Talking to a person face to face works a lot better than communicating digitally – especially when there’s a conflict. It helps to see someone is a person, and not just an answer in your phone.
My family and I, we are probably the model version of an extended family. Everything goes fine almost all the time, we all like each other. Of course, we fight too, sometimes.
A while ago, it happened. My ex -my third son’s dad- called at the end of a working day. I was tired and emotional, because I had just entrained the kids and no matter how used you get to co-parenting, it always hurts a little to see them go. I was worried about something small that turned into something big in my mind. My ex had a busy day, but he called me back anyway, I was standing in the street somewhere, it was windy outside. I still picked up.
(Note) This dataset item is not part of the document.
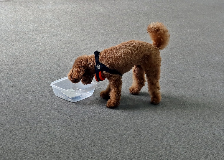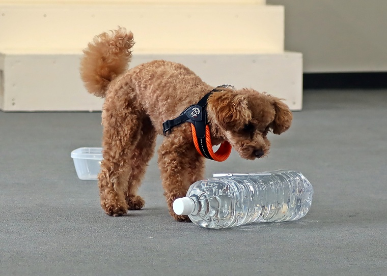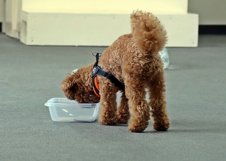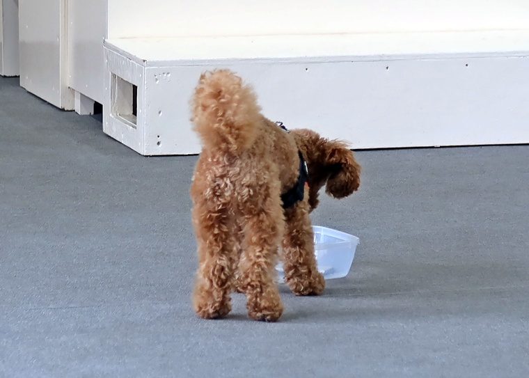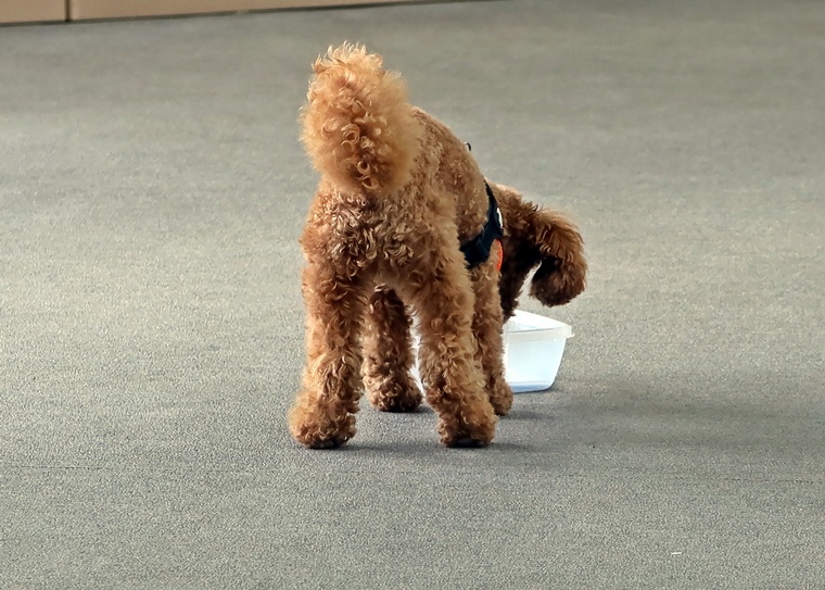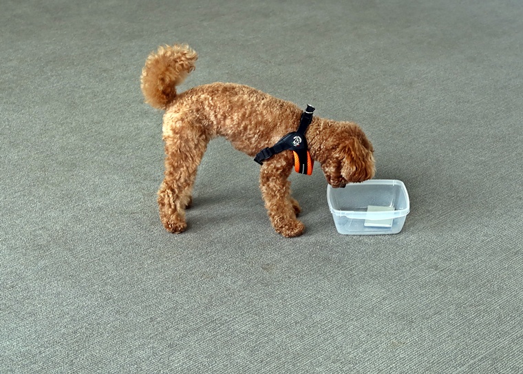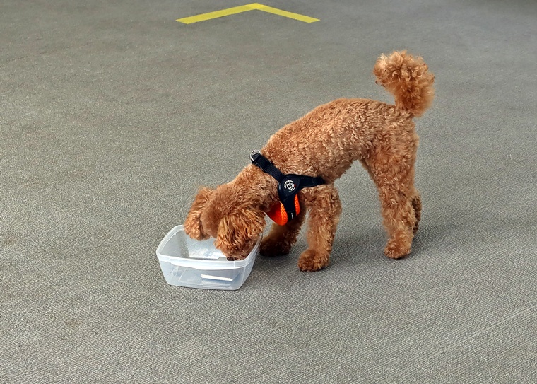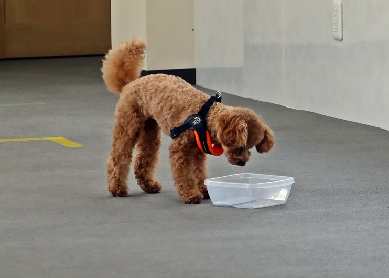 前回のペアリングから期間が空きましたが、ハイドへの認識がありましたので、セントプールの設定で告知姿勢の理解を深めながら、ステップアップを行いました。後半は、飼い主さんがハンドラーとして報酬の提示ができるようになっていましたので、今後も楽しみです。また、設定難易度は、少し高さのあるセントコーンの設定までをクリアできていますので、スクラッチやハンドラーへの依存に関しては、今日のセッションをベースとして意欲的で自立性の高い捜索ができるように進めていきましょう。
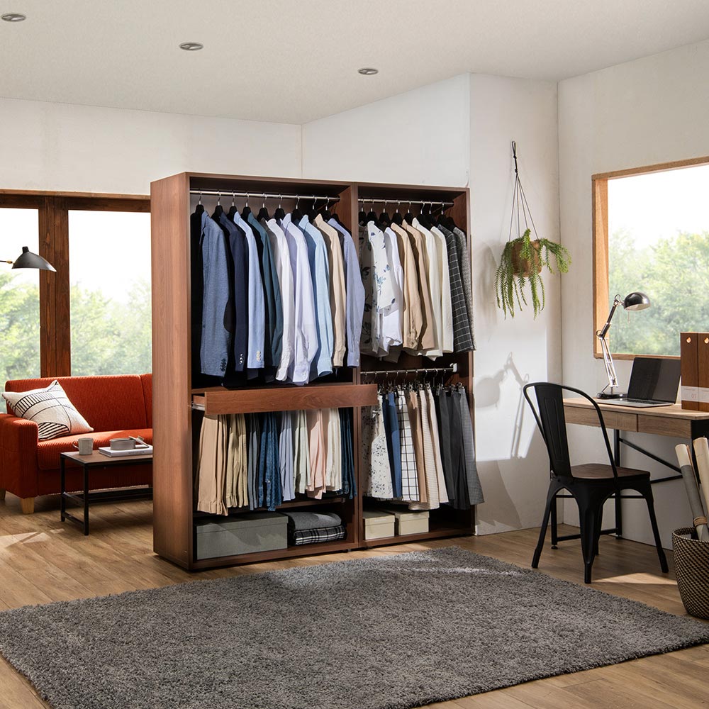 使用イメージ(エ)ウォルナット レイアウトを簡単に変えられる「動く収納」だから、多様な生活スタイルにジャストフィット。 ※写真左から「ハンガー&パンツハンガータイプ幅89.5cm」「ハンガー2段タイプ幅70.5cm」です

We had a fight. At that moment, we could probably fight over a pretzel, but especially over ‘the problem’: that my four year old suddenly didn’t want to go to his dad.
In his case, that’s extraordinary, because ever since he was born, he always wants to go to his dad. But all of a sudden, with his big, brown, dreamy eyes he said: ‘Mommy, I want to be with you.’ Is it wise to let a child have their way, or is it better to stick to the schedule?
It was one of those times when texting or calling doesn’t work, especially if you’re tired and it’s windy outside. We exchanged bad words. Mine became worse, my ex hung up without saying goodbye. Beep beep beep. Even when we were together he never did something like that.
We could do better. We arranged to meet over coffee.
It was in the morning, I was late. He was already there. Wearing headphones, drinking coffee, reading the newspaper. My two-year old was with me and immediately crawled onto his lap, because she always does that, even if he’s not her dad, not even her stepdad, just her half brother’s dad.
‘Hi, you want coffee too?’
We started out carefully. How should we start the conversation? I told him something irrelevant, just to break the ice. ‘It’s always different when you can look someone in the eye,’ he remarked, and he was right. We weighed our words. ‘I didn’t mean to…’ ‘Neither did I!’ That was enough.
We didn’t really need the rest of the hour. This time, it didn’t end with beep beep beep. This time he said: ‘It will be alright.’ We’re sticking to the schedule. If my son will object for a long time, we’ll start listening to him. Perhaps it will blow over. In words, it sounds easier than in feelings. But I can live with it, now that I’ve met up with his dad. Sometimes it helps to see someone’s a person, and not just an answer in your phone.